= Exercise details =
Copy out all of the lines below exactly; the pictures do not belong in the copy.

= Source material =
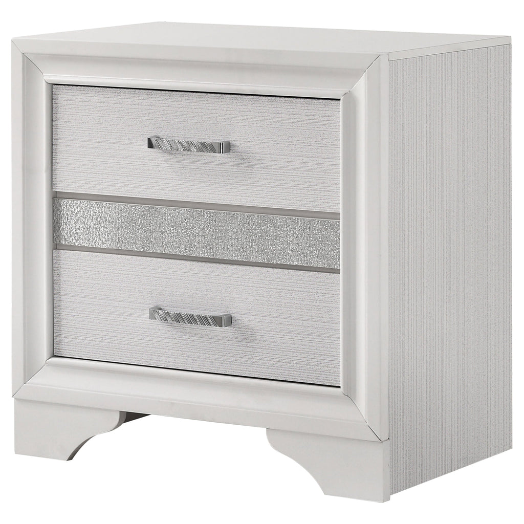 A surprisingly elegant twist embellishes classic charm. Make this nightstand a staple in a transitional bedroom. A shapely base section offers sensual curves that contrast with a linear silhouette. Full extension glides ensure smooth drawer operation. Select from gorgeous finishes.
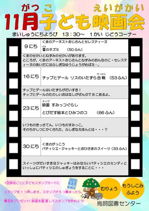 【鳥飼】11月映画会スケジュールは以下の通りです。
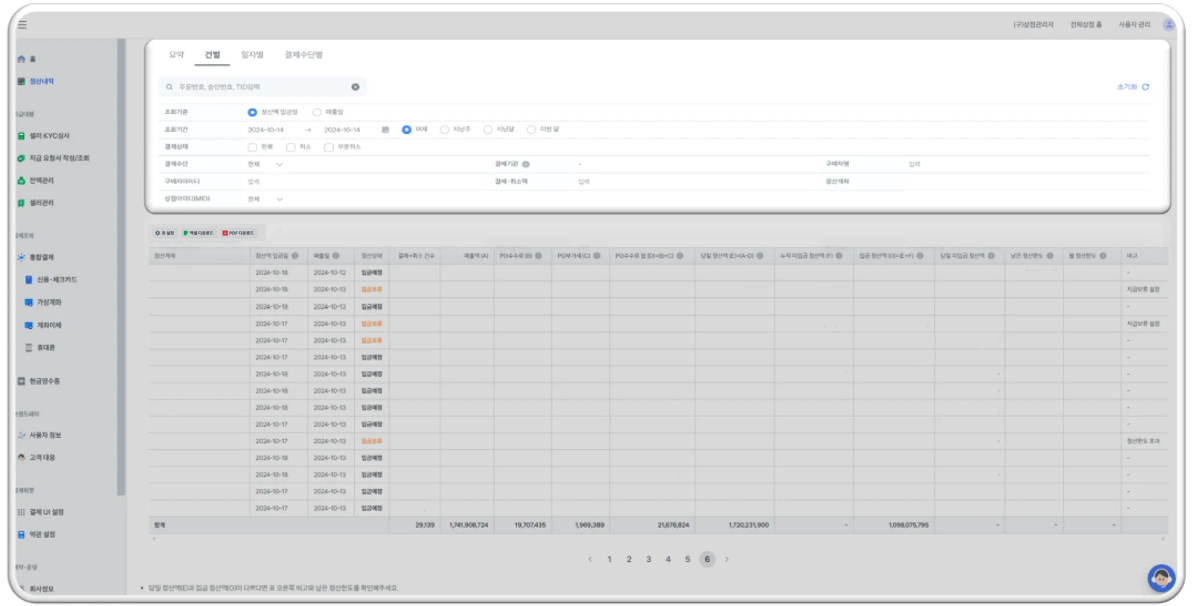 상점관리자 정산내역 건별 탭으로 접속하시면 아래와 같이 다양한 항목으로 조회가 가능해요.
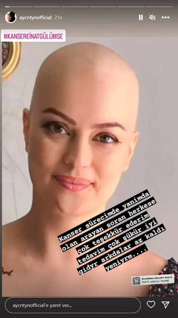 Instagram hesabından, "Kansere inat gülümse" notuyla peruksuz bir fotoğrafını paylaşan Ayçin Tuyun'un açıklaması şöyle:

= Final answer =
 A surprisingly elegant twist embellishes classic charm. Make this nightstand a staple in a transitional bedroom. A shapely base section offers sensual curves that contrast with a linear silhouette. Full extension glides ensure smooth drawer operation. Select from gorgeous finishes.
 【鳥飼】11月映画会スケジュールは以下の通りです。
 상점관리자 정산내역 건별 탭으로 접속하시면 아래와 같이 다양한 항목으로 조회가 가능해요.
 Instagram hesabından, "Kansere inat gülümse" notuyla peruksuz bir fotoğrafını paylaşan Ayçin Tuyun'un açıklaması şöyle:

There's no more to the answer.